Data items >>
——————————
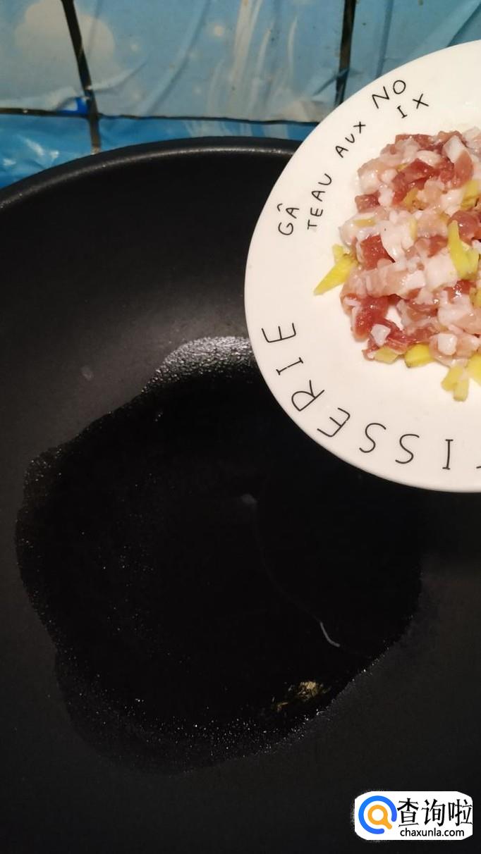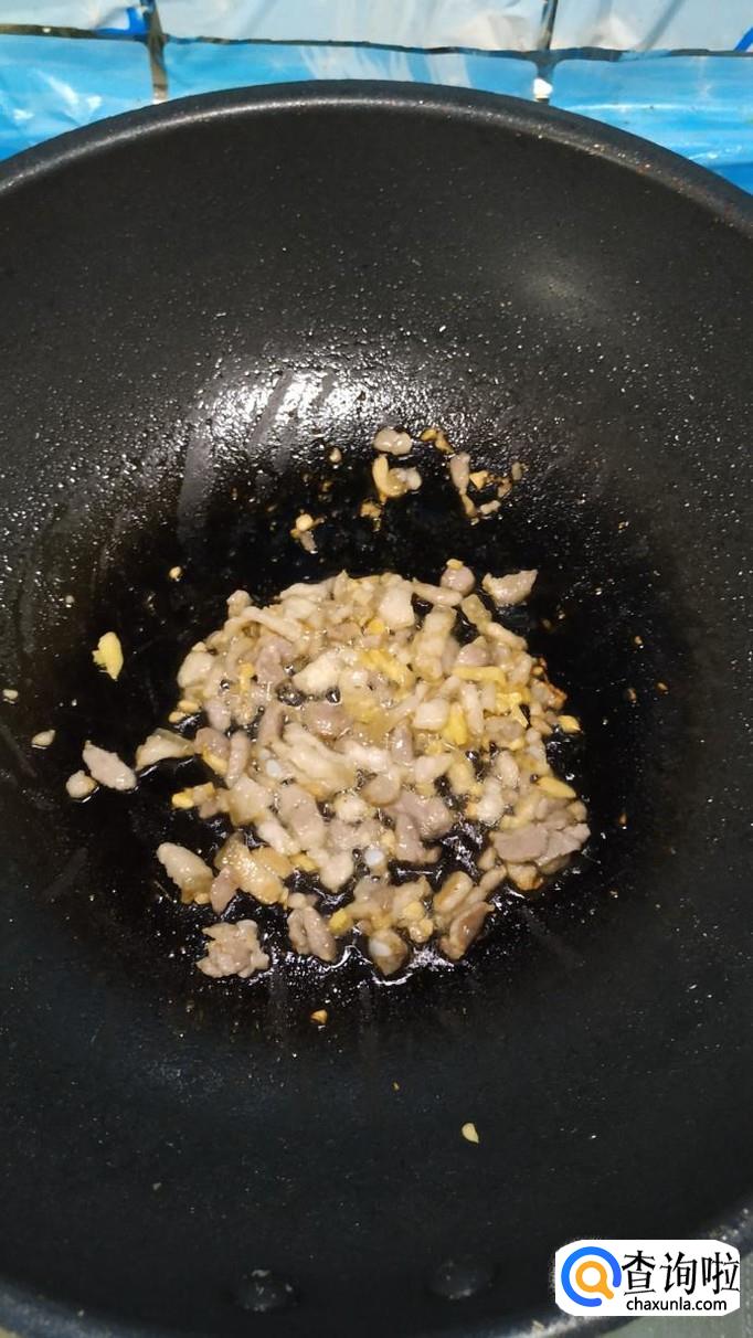炒锅中,放入适量油,油热后将肉末放入锅中炒香。
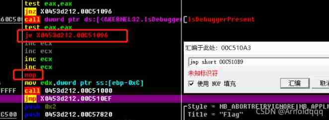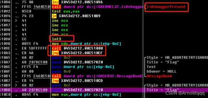 use od debugging To make the program jump to loc_401096 call sub_401000 decode , hold int3 Change it to nop(0x90), Jump to loc_4010B9 For the output
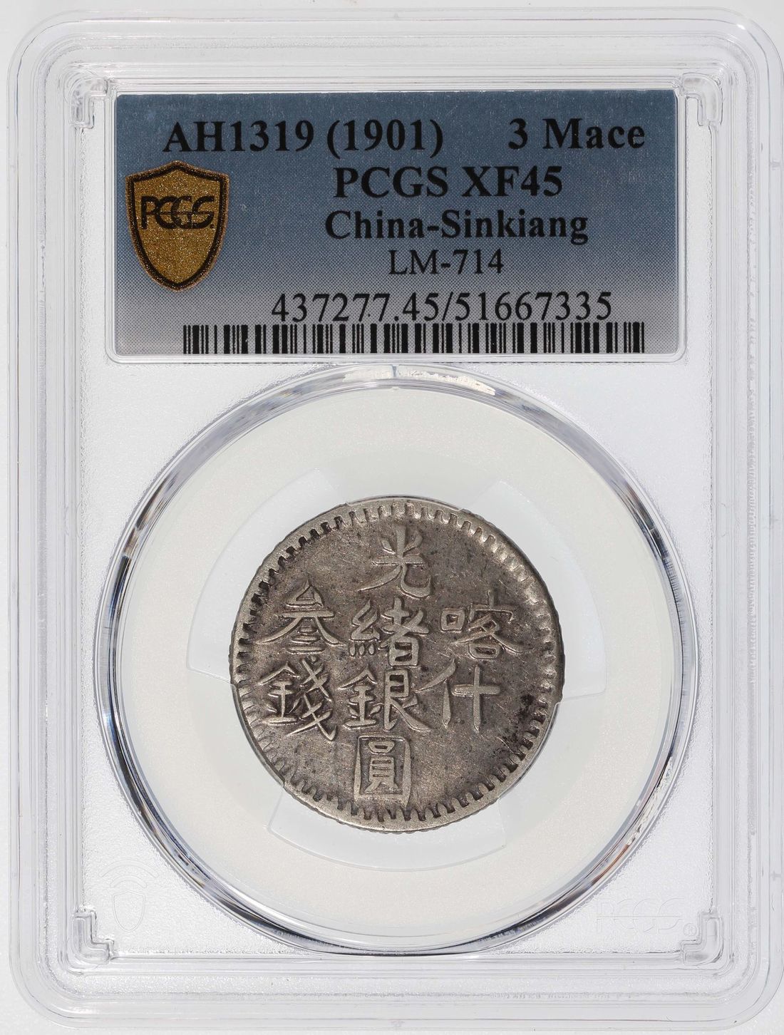 China, Qing Dynasty, Sinkiang Province, a pair of silver 3 mace, AH1319(1901), Guangxu Yin Yuan, Kashgar mint, (LM-714), one toned, the other PCGS XF45.(2)
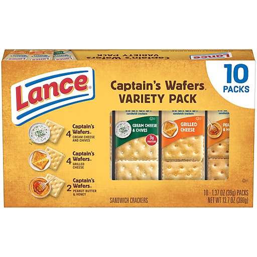 Lance Captain’s Wafers snack lovers won't be able to get enough of this sandwich cracker variety pack! Three of your favorite flavors with delicious fillings between two crispy classic Captain’s Wafers crackers for satisfying goodness. You get a total of 10 cracker snack packs: 4 packs of Captain’s Wafers Cream Cheese & Chives, 2 packs of Captain's Wafers Peanut Butter and Honey, and 2 packs of Captain's Wafers Grilled Cheese. So, you can enjoy a perfect snack for breaks, afternoon snacks, or whenever you’re hungry between meals. They’re also ideal for packing when you’re on-the-go snacking. With this convenient Lance variety pack, you can grab all that delicious, goodness, any time. Hunger doesn’t stand a chance when you fuel up these tasty Lance sandwich crackers. At Lance, sandwiches mean more: they aren’t just two somethings with whatever in the middle. Or, as we say, a Lance Sandwich cracker is two awesomes on the outside with totally incredible in the middle. Lance has been fueling families for more than 100 years. Lance Sandwich crackers, the king of all sandwich crackers. Bring it!
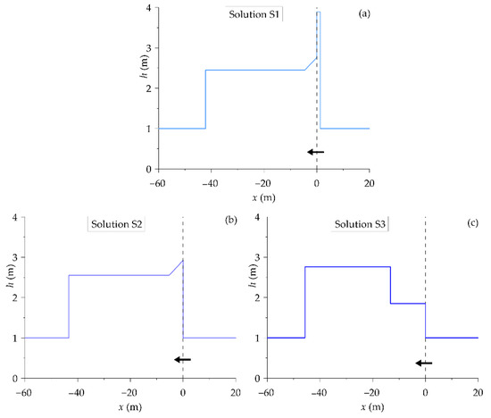 The following is considered the example where the states and the porosities in Equation (4) are , , , and . These initial conditions characterize a right supercritical flow that impacts on a porosity reduction and satisfies the condition of Equation (7). Supercritical flow conditions are also initially present to the left. The corresponding Riemann problem admits three different exact solutions (named S1, S2, and S3, respectively) that are plotted in Figure 1 (flow depth at time t = 5 s), where an arrow represents the flow direction through the porosity discontinuity.
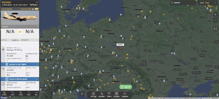 Máy bay kiểm soát và cảnh báo sớm trên không E-3G Sentry (AWACS) của Không quân Hoa Kỳ đang bay qua phía đông nam Ba Lan, hướng tới biên giới Ba Lan/Ukraine để giúp Kiev phối hợp phòng thủ.
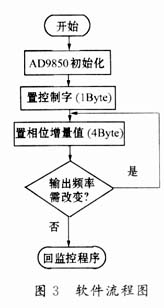 利用单片微处理机可以对DDS的逻辑和输出信号进行实时控制,笔者选用Intel公司生产的MCS-51系列芯片AT89C51。AD9850的CS信号,由地址译码得到,W-CLK和FQ-UD信号直接由89C51的P1口给出。在程序中,需严格按照AD9850的时序要求。其软件流程图如图3(以并行接口方式为例)所示。
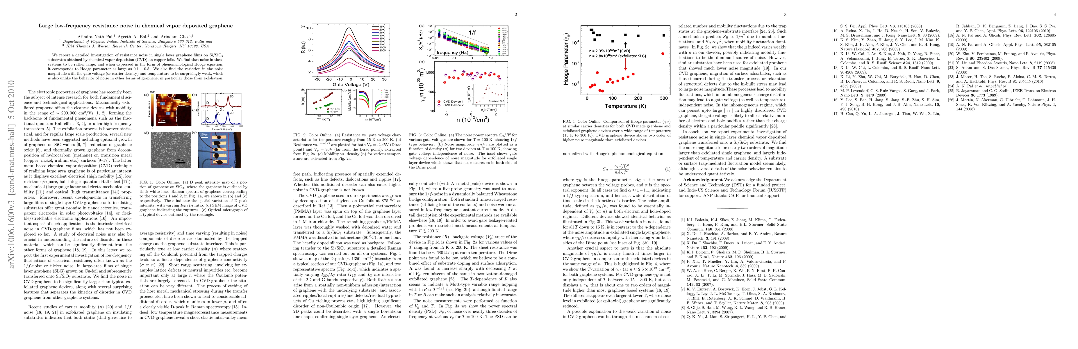 Researchers investigated resistance noise in single layer graphene films on Si/SiO2 substrates, finding large noise levels comparable to Hooge parameters of 0.1-0.5, with weak temperature and gate voltage dependence.
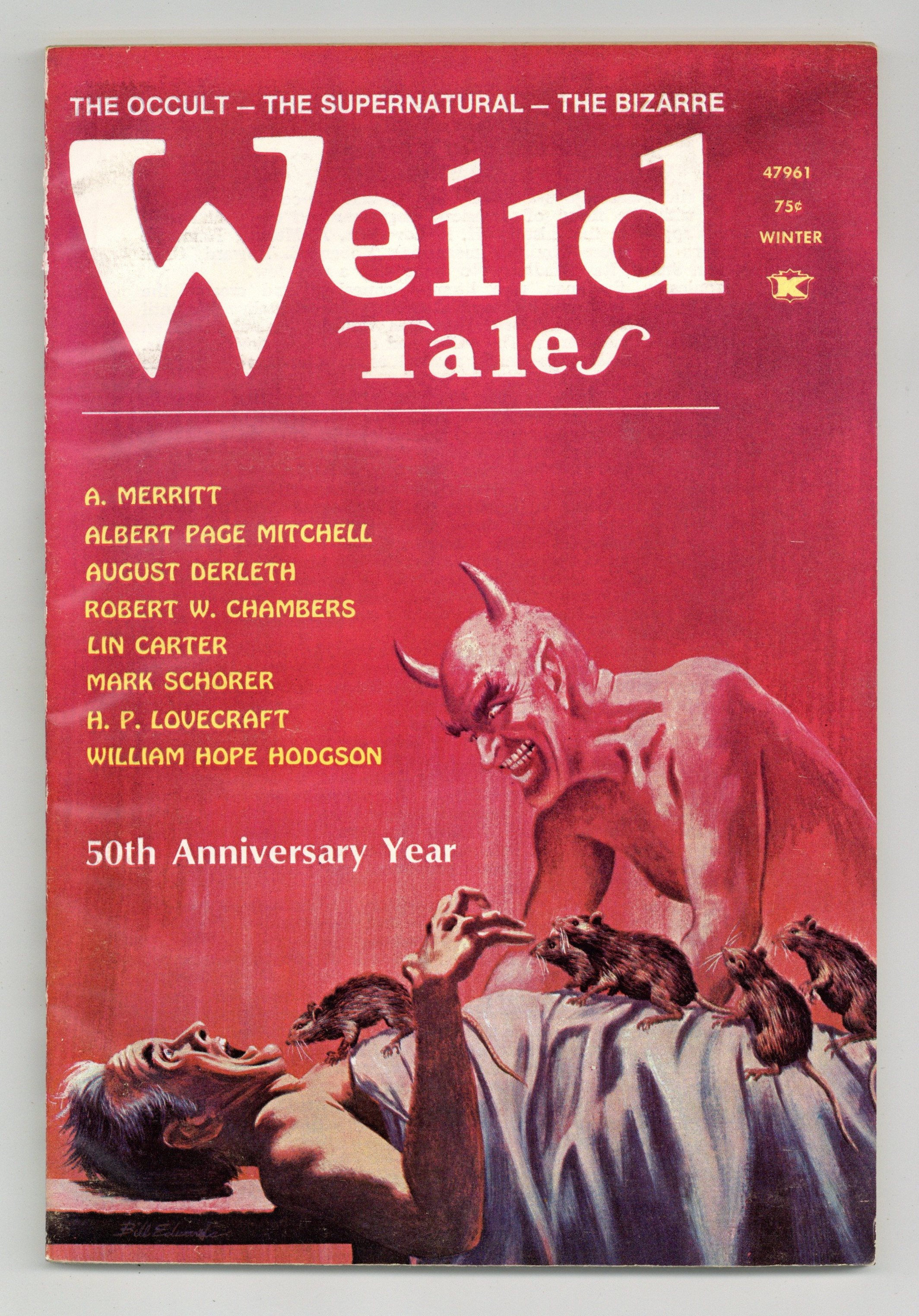 Published Dec 1973 by Weird Tales.$20.00Volume 47 - #3 - 1st printing. Winter 1973 - Featuring spine-tingling tales of terror by Robert E. Howard, H.P. Lovecraft, and others. Poem by Virgil Finlay Softcover, 6-in. x 9-in., 96 pages, Text (with B&W Chapter Illustrations by Don Rico). Cover price $0.75.
——————————
What you are asked to do >> Each record must be returned exactly as it stands, and the images omitted.

Written solution >>
炒锅中,放入适量油,油热后将肉末放入锅中炒香。
 use od debugging To make the program jump to loc_401096 call sub_401000 decode , hold int3 Change it to nop(0x90), Jump to loc_4010B9 For the output
 China, Qing Dynasty, Sinkiang Province, a pair of silver 3 mace, AH1319(1901), Guangxu Yin Yuan, Kashgar mint, (LM-714), one toned, the other PCGS XF45.(2)
 Lance Captain’s Wafers snack lovers won't be able to get enough of this sandwich cracker variety pack! Three of your favorite flavors with delicious fillings between two crispy classic Captain’s Wafers crackers for satisfying goodness. You get a total of 10 cracker snack packs: 4 packs of Captain’s Wafers Cream Cheese & Chives, 2 packs of Captain's Wafers Peanut Butter and Honey, and 2 packs of Captain's Wafers Grilled Cheese. So, you can enjoy a perfect snack for breaks, afternoon snacks, or whenever you’re hungry between meals. They’re also ideal for packing when you’re on-the-go snacking. With this convenient Lance variety pack, you can grab all that delicious, goodness, any time. Hunger doesn’t stand a chance when you fuel up these tasty Lance sandwich crackers. At Lance, sandwiches mean more: they aren’t just two somethings with whatever in the middle. Or, as we say, a Lance Sandwich cracker is two awesomes on the outside with totally incredible in the middle. Lance has been fueling families for more than 100 years. Lance Sandwich crackers, the king of all sandwich crackers. Bring it!
 The following is considered the example where the states and the porosities in Equation (4) are , , , and . These initial conditions characterize a right supercritical flow that impacts on a porosity reduction and satisfies the condition of Equation (7). Supercritical flow conditions are also initially present to the left. The corresponding Riemann problem admits three different exact solutions (named S1, S2, and S3, respectively) that are plotted in Figure 1 (flow depth at time t = 5 s), where an arrow represents the flow direction through the porosity discontinuity.
 Máy bay kiểm soát và cảnh báo sớm trên không E-3G Sentry (AWACS) của Không quân Hoa Kỳ đang bay qua phía đông nam Ba Lan, hướng tới biên giới Ba Lan/Ukraine để giúp Kiev phối hợp phòng thủ.
 利用单片微处理机可以对DDS的逻辑和输出信号进行实时控制,笔者选用Intel公司生产的MCS-51系列芯片AT89C51。AD9850的CS信号,由地址译码得到,W-CLK和FQ-UD信号直接由89C51的P1口给出。在程序中,需严格按照AD9850的时序要求。其软件流程图如图3(以并行接口方式为例)所示。
 Researchers investigated resistance noise in single layer graphene films on Si/SiO2 substrates, finding large noise levels comparable to Hooge parameters of 0.1-0.5, with weak temperature and gate voltage dependence.
 Published Dec 1973 by Weird Tales.$20.00Volume 47 - #3 - 1st printing. Winter 1973 - Featuring spine-tingling tales of terror by Robert E. Howard, H.P. Lovecraft, and others. Poem by Virgil Finlay Softcover, 6-in. x 9-in., 96 pages, Text (with B&W Chapter Illustrations by Don Rico). Cover price $0.75.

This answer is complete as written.